### [The task]
Retype the material below exactly, from its first line through the line with "预挂单提醒勾选时,如果该订单"; the pictures stay out.

### [Records for processing]
════
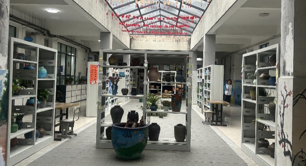 當學(xué)訪團踏進教學(xué)樓時,瞬間被富有書香、綠意、文化的氛圍感染。在這棟教學(xué)樓里,隨處布置著學(xué)生帶來的陶瓶陶罐,開放式的圖書架肆意地擺放在教室門口、樓宇大廳,到處可見的植物映入眼簾。“學(xué)校就是圖書館、學(xué)校就是博物館、學(xué)校就是藝術(shù)館”的建設(shè)理念更是讓學(xué)訪團成員驚嘆不已。
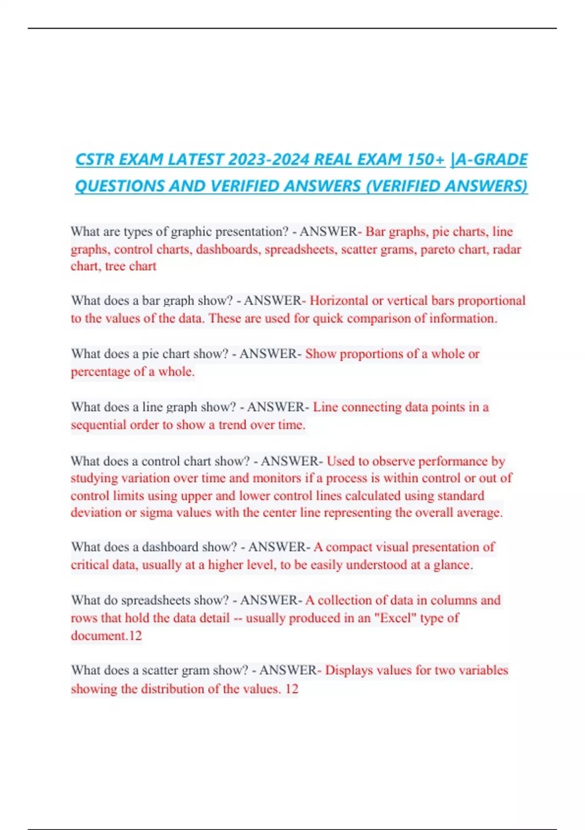CSTR EXAM LATEST REAL EXAM 150+ |A-GRADE QUESTIONS AND VERIFIED ANSWERS (VERIFIED ANSWERS)
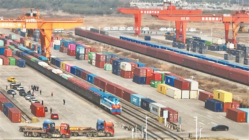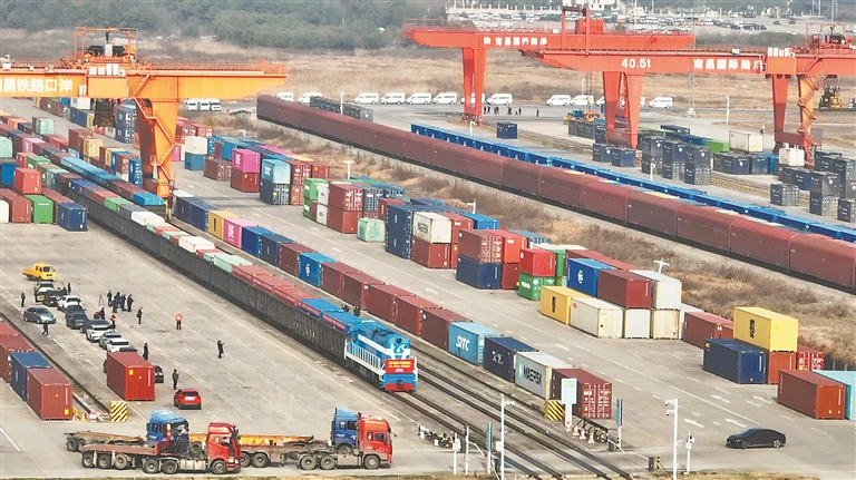 2月2日,一列满载大理石制品、棉布等货物的列车,从南昌国际陆港出发,并由霍尔果斯口岸出境,经里海运输至阿塞拜疆首都巴库,标志着江西首列跨里海中欧班列成功发运,较传统海运物流成本降低15%至20%。本报全媒体首席记者 李 劼摄
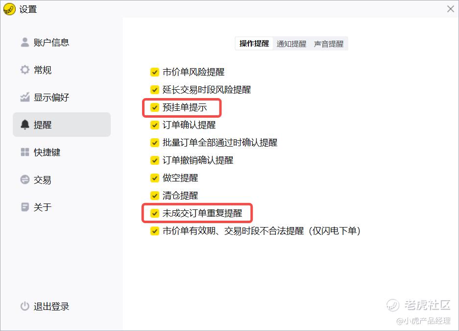 预挂单提醒勾选时,如果该订单不会立即下出去,将会弹窗提醒。未成交订单重复提醒勾选时,将在下单前检查是否有未成交订单,如有将会弹窗提醒
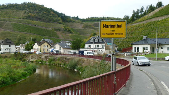 Am 1. Januar ist es so weit: Der Ort Marienthal gehört in seiner Gesamtheit zu Dernau und somit zur Verbandsgemeinde Altenahr. Bis dahin gibt es das Kuriosum, dass sich der Ort mit seinen 81 Einwohnern (Stand 30. Juni 2022) je zur Hälfte auf Dernau und die Stadt Bad Neuenahr-Ahrweiler aufteilt. Die Stadtgrenze geht mitten durch den Ort.
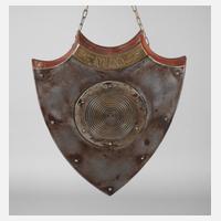 verwendet in Gastwirtschaften, um 1910, für Bleimunition um 5,5 mm, Eisenplatte mit spiegelverkehrten Ringzahlen, auf Holzplatte montiert, Messingschild mit Bezeichnung "Panzerscheibe Roland D.R.G.M. Tilgenkamp Köln Rolandstr. 9", rückseitig Gong (ohne Klöppel), normale Gebrauchsspuren, Maße ca. 48 x 39,5 x 15 cm.
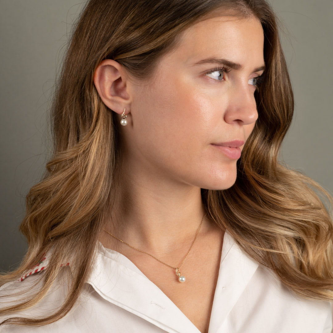 Vårt Lora anheng er laget i 100% resirkulert 9 karat massivt gull, med hvite ferskvannsperler og ekte diamanter.
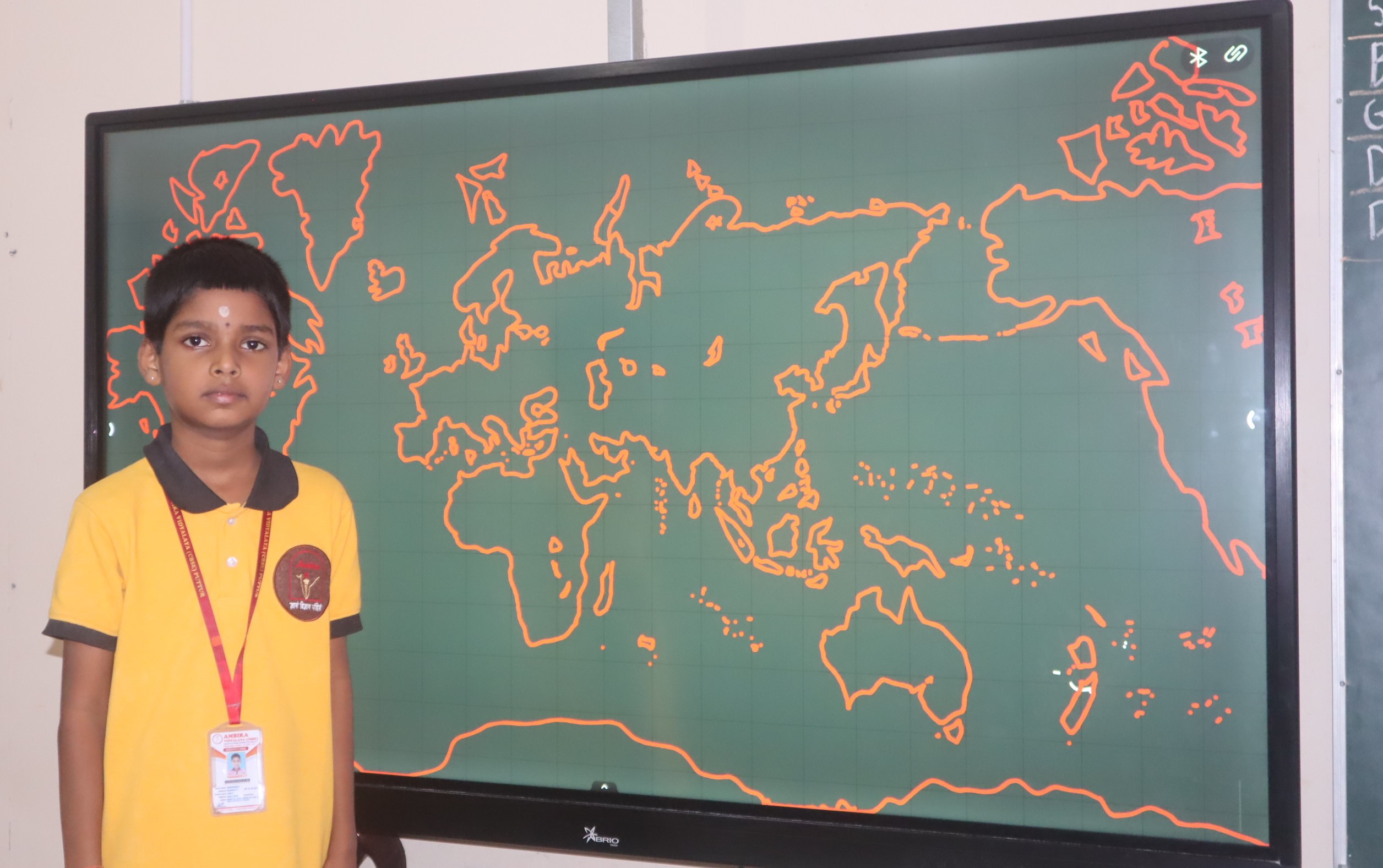 ಆದರೆ ಇಲ್ಲೊಬ್ಬ ವಿದ್ಯಾರ್ಥಿ ಇದ್ದಾನೆ. ಈತ ಭಾರತದೊಂದಿಗೆ ಸ್ಥಳೀಯ ರಾಷ್ಟ್ರಗಳನ್ನೂ ಚಿತ್ರಿಸುತ್ತಾನೆ. ನೀವಿನ್ನೂ ನೋಡುತ್ತಲೇ ಇದ್ದರೆ ಮತ್ತೂ ಚಿತ್ರಿಸುತ್ತಾ ಸಾಗುತ್ತಾನೆ. ಅಂತಿಮವಾಗಿ ಇಡಿಯ ಪ್ರಪಂಚವನ್ನೇ ನಿಮ್ಮ ಕಣ್ಣ ಮುಂದೆ ಅರಳಿಸಿಬಿಡುತ್ತಾನೆ! ಹೌದು ಪ್ರಪಂಚದ ನೂರ ತೊಂಬತ್ತೊಂದು ದೇಶಗಳನ್ನೂ ಈ ವಿದ್ಯಾರ್ಥಿ ಆಯಾ ಜಾಗದಲ್ಲೇ ಚಿತ್ರಿಸಿ ತೋರಿಸುತ್ತಾನೆ! ಜತೆಗೆ ಭಾರತದ ಭೂಪಟದೊಂದಿಗೆ ಆಯಾ ರಾಜ್ಯಗಳನ್ನೂ ಗುರುತಿಸಿ ಚಿತ್ರಿಸುತ್ತಾನೆ. ಒಮ್ಮೆ ಚಿತ್ರಿಸಲು ಆರಂಭಿಸಿದರೆ ತಿದ್ದದೇ ಕೊನೆಯವರೆಗೂ ಮುಂದುವರೆಯುತ್ತಾನೆಂಬುದು ಸೋಜಿಗ ತರುವ ವಿಚಾರ.
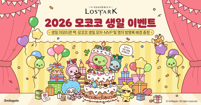 스마일게이트는 MMORPG ‘로스트아크’에서 마스코트 ‘모코코’의 생일을 기념한 이벤트를 오는 4월 29일까지 진행한다. 매년 4월 5일을 기념해 열리는 행사로, 올해는 ‘생일 케이크 만들기’를 콘셉트로 참여형 콘텐츠를 강화했다.
════
### [Result of the task]
 當學(xué)訪團踏進教學(xué)樓時,瞬間被富有書香、綠意、文化的氛圍感染。在這棟教學(xué)樓里,隨處布置著學(xué)生帶來的陶瓶陶罐,開放式的圖書架肆意地擺放在教室門口、樓宇大廳,到處可見的植物映入眼簾。“學(xué)校就是圖書館、學(xué)校就是博物館、學(xué)校就是藝術(shù)館”的建設(shè)理念更是讓學(xué)訪團成員驚嘆不已。
CSTR EXAM LATEST REAL EXAM 150+ |A-GRADE QUESTIONS AND VERIFIED ANSWERS (VERIFIED ANSWERS)
 2月2日,一列满载大理石制品、棉布等货物的列车,从南昌国际陆港出发,并由霍尔果斯口岸出境,经里海运输至阿塞拜疆首都巴库,标志着江西首列跨里海中欧班列成功发运,较传统海运物流成本降低15%至20%。本报全媒体首席记者 李 劼摄
 预挂单提醒勾选时,如果该订单不会立即下出去,将会弹窗提醒。未成交订单重复提醒勾选时,将在下单前检查是否有未成交订单,如有将会弹窗提醒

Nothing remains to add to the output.